According to Sparefoot, it’s important to keep in mind a few guidelines when deciding where to store your personal items.
1. Super Customer Service.
The first time you contact a self-storage facility-whether by email, phone or in person- you’ll find out how customers are treated, said Moises Ojeda, a manager at BullsEye Storage, a self-storage company in the Houston area. A good manager should greet customers in a friendly manner and answer all questions thoroughly and efficiently, Ojeda said. Big no-nos: a failure to give straight answers and a lack of organization in the office.
2. Hands-On Manager.
Ojeda said you should see a manager at the facility who’s interacting with customers and solving problems. Ojeda said that having a manager who lives on-site, as he does, is ideal. “I tell people my apartment is directly above the office-and they’ll be dealing with me 100 percent,” Ojeda said.
Ojeda also said he gives tenants his cellphone number in case they get locked out of the facility after hours because of, say, a power outage that causes a gate malfunction. “You try to prevent problems as much as possible, but things can go wrong,” he said.
3. Squeaky Clean.
The state of the office at a storage facility should give you a clue about the overall cleanliness of the place. The office should be dusted, and have a clean floor, spotless bathrooms and a well-groomed, neatly dressed manager, said Lewis Pollack, managing principal of Reliant Real Estate Management, which manages 1.5 million square feet of self-storage space in the Southeast. A clean office shows the facility is well-maintained, he said, and the staff will care for tenants’ belongings in the same manner.
4. No Pesky Critters.
A good self-storage facility will contract with a pest control professional who visits regularly, Pollack said. It’s extremely important to prevent infestations because pests can do plenty of damage to tenants’ belongings. For example, roaches can invade boxes of household goods, Ojeda said, or moths can ruin rugs, textiles and upholstered furniture. Meanwhile, rats can chew up wood furniture and urinate and defecate in units, Pollack said. “Those animals are nasty.”

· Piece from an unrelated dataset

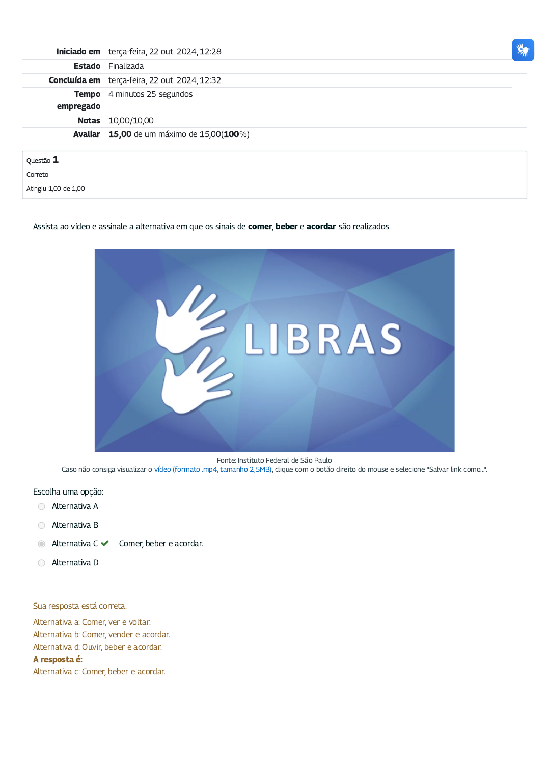 <p>Iniciado em terça-feira, 22 out. 2024, 12:28</p><p>Estado Finalizada</p><p>Concluída em terça-feira, 22 out. 2024, 12:32</p><p>Tempo</p><p>empregado</p><p>4 minutos 25 segundos</p><p>Notas 10,00/10,00</p><p>Avaliar 15,00 de um máximo de 15,00(100%)</p><p>Questão 1</p><p>Correto</p><p>Atingiu 1,00 de 1,00</p><p>Assista ao vídeo e assinale a alternativa em que os sinais de comer, beber e acordar são realizados.</p><p>Fonte: Instituto Federal de São Paulo</p><p>Caso não consiga visualizar o vídeo (formato .mp4, tamanho 2,5MB), clique com o botão direito do mouse e selecione "Salvar link como...".</p><p>Escolha uma opção:</p><p>Alternativa A</p><p>Alternativa B</p><p>Alternativa C Comer, beber e acordar.</p><p>Alternativa D</p><p>Sua resposta está correta.</p><p>Alternativa a: Comer, ver e voltar.</p><p>Alternativa b: Comer, vender e acordar.</p><p>Alternativa d: Ouvir, beber e acordar.</p><p>A resposta é:</p><p>Alternativa c: Comer, beber e acordar.</p><p>https://cdn.escolavirtual.gov.br/libras/v1/licoes/modulo06licao01.mp4</p><p>Questão 2</p><p>Correto</p><p>Atingiu 1,00 de 1,00</p><p>Assista ao vídeo e assinale a alternativa em que os sinais de chorar, rezar e casar são realizados.</p><p>Fonte: Instituto Federal de São Paulo</p><p>Caso não consiga visualizar o vídeo (formato .mp4, tamanho 3,9MB), clique com o botão direito do mouse e selecione "Salvar link como...".</p><p>Escolha uma opção:</p><p>Alternativa A</p><p>Alternativa B Chorar, rezar e casar.</p><p>Alternativa C</p><p>Alternativa D</p><p>Sua resposta está correta.</p><p>Alternativa a: Chorar, rezar e explicar.</p><p>Alternativa c: Chorar, rezar e ler.</p><p>Alternativa d: Chorar, ter e casar.</p><p>A resposta é:</p><p>Alternativa b: Chorar, rezar e casar.</p><p>https://cdn.escolavirtual.gov.br/libras/v1/licoes/modulo06licao02.mp4</p><p>Questão 3</p><p>Correto</p><p>Atingiu 1,00 de 1,00</p><p>Assista ao vídeo e assinale a alternativa em que o sinal de correr é realizado.</p><p>Fonte: Instituto Federal de São Paulo</p><p>Caso não consiga visualizar o vídeo (formato .mp4, tamanho 2,7MB), clique com o botão direito do mouse e selecione "Salvar link como...".</p><p>Escolha uma opção:</p><p>Alternativa A</p><p>Alternativa B Correr</p><p>Alternativa C</p><p>Alternativa D</p><p>Sua resposta está correta.</p><p>Alternativa a: Andar.</p><p>Alternativa c: Andar de bicicleta.</p><p>Alternativa d: Acordar.</p><p>A resposta é:</p><p>Alternativa b: Correr.</p><p>https://cdn.escolavirtual.gov.br/libras/v1/licoes/modulo06licao03.mp4</p><p>Questão 4</p><p>Correto</p><p>Atingiu 1,00 de 1,00</p><p>Assista ao vídeo e assinale a alternativa em que os sinais de ter/não ter são realizados.</p><p>Fonte: Instituto Federal de São Paulo</p><p>Caso não consiga visualizar o vídeo (formato .mp4, tamanho 3,7MB), clique com o botão direito do mouse e selecione "Salvar link como...".</p><p>Escolha uma opção:</p><p>Alternativa A Ter/não ter.</p><p>Alternativa B</p><p>Alternativa C</p><p>Alternativa D</p><p>Sua resposta está correta.</p><p>Alternativa b: Ver/não ver.</p><p>Alternativa c: Poder/não poder.</p><p>Alternativa d: Querer/não querer.</p><p>A resposta é:</p><p>Alternativa a: Ter/não ter.</p><p>https://cdn.escolavirtual.gov.br/libras/v1/licoes/modulo06licao04.mp4</p><p>Questão 5</p><p>Correto</p><p>Atingiu 1,00 de 1,00</p><p>Assista ao vídeo e assinale a alternativa em que os sinais de querer/não querer são realizados.</p><p>Fonte: Instituto Federal de São Paulo</p><p>Caso não consiga visualizar o vídeo (formato .mp4, tamanho 3,7MB), clique com o botão direito do mouse e selecione "Salvar link como...".</p><p>Escolha uma opção:</p><p>Alternativa A</p><p>Alternativa B</p><p>Alternativa C</p><p>Alternativa D Querer/não querer.</p><p>Sua resposta está correta.</p><p>Alternativa a: Ter/não ter.</p><p>Alternativa b: Poder/não poder.</p><p>Alternativa c: Ver/não ver.</p><p>A resposta é:</p><p>Alternativa d: Querer/não querer.</p><p>https://cdn.escolavirtual.gov.br/libras/v1/licoes/modulo06licao05.mp4</p><p>Questão 6</p><p>Correto</p><p>Atingiu 1,00 de 1,00</p><p>Assista ao vídeo e assinale a alternativa em que o sinal de professor é realizado.</p><p>Fonte: Instituto Federal de São Paulo</p><p>Caso não consiga visualizar o vídeo (formato .mp4, tamanho 3,7MB), clique com o botão direito do mouse e selecione "Salvar link como...".</p><p>Escolha uma opção:</p><p>Alternativa A</p><p>Alternativa B</p><p>Alternativa C Professor</p><p>Alternativa D</p><p>Sua resposta está correta.</p><p>Alternativa a: Pedreiro.</p><p>Alternativa b: Vendedor.</p><p>Alternativa d: Policial.</p><p>A resposta é:</p><p>Alternativa c: Professor.</p><p>https://cdn.escolavirtual.gov.br/libras/v1/licoes/modulo06licao06.mp4</p><p>Questão 7</p><p>Correto</p><p>Atingiu 1,00 de 1,00</p><p>Assista ao vídeo e assinale a alternativa em que o sinal de advogado é realizado.</p><p>Fonte: Instituto Federal de São Paulo</p><p>Caso não consiga visualizar o vídeo (formato .mp4, tamanho 2,7MB), clique com o botão direito do mouse e selecione "Salvar link como...".</p><p>Escolha uma opção:</p><p>Alternativa A</p><p>Alternativa B</p><p>Alternativa C</p><p>Alternativa D Advogado</p><p>Sua resposta está correta.</p><p>Alternativa a: Intérprete.</p><p>Alternativa b: Enfermeiro.</p><p>Alternativa c: Bombeiro.</p><p>A resposta é:</p><p>Alternativa d: Advogado.</p><p>https://cdn.escolavirtual.gov.br/libras/v1/licoes/modulo06licao07.mp4</p><p>Questão 8</p><p>Correto</p><p>Atingiu 1,00 de 1,00</p><p>Assista ao vídeo e assinale a alternativa em que o sinal de engenheiro é realizado.</p><p>Fonte: Instituto Federal de São Paulo</p><p>Caso não consiga visualizar o vídeo (formato .mp4, tamanho 2,7MB), clique com o botão direito do mouse e selecione "Salvar link como...".</p><p>Escolha uma opção:</p><p>Alternativa A</p><p>Alternativa B</p><p>Alternativa C Engenheiro</p><p>Alternativa D</p><p>Sua resposta está correta.</p

Facilities need must address pest issues not just monthly, but seasonally, Pollack said. His company manages some facilities in South Carolina where a pest control pro must come once a week during spring to get rid of nesting spiders. Ask any self-storage facility you’re considering how it handles pest control and whether it’s had any previous problems with pests, Ojeda said.
5. Tight Security.
You don’t want your stuff to get stolen, so make sure any facility you’re looking at has good security. A secure facility should have a gate with computerized access as well as security cameras and good lighting, Pollack said.
It also helps if an on-site manager is present, experts said. For example, Ojeda said he has monitors in his apartment so he can watch activity throughout the facility.
Furthermore, Pollack said his facilities screen prospective tenants, requiring them to provide a driver’s license and current address to ensure they’re not transients planning a break-in. “It’s common-sense things,” Pollack said. “If somebody is going to rob a mini-storage facility, it wouldn’t be ours.”
6. A Good Fit.
All self-storage facilities are not the same, so your choice should depend partly on your own needs. For example, if you’re storing things you almost left on the curb because you’re not sure you want to keep them, price might be your top consideration, Ojeda said. If you think you’ll want to retrieve items at night or on a weekend, you might want 24-hour access.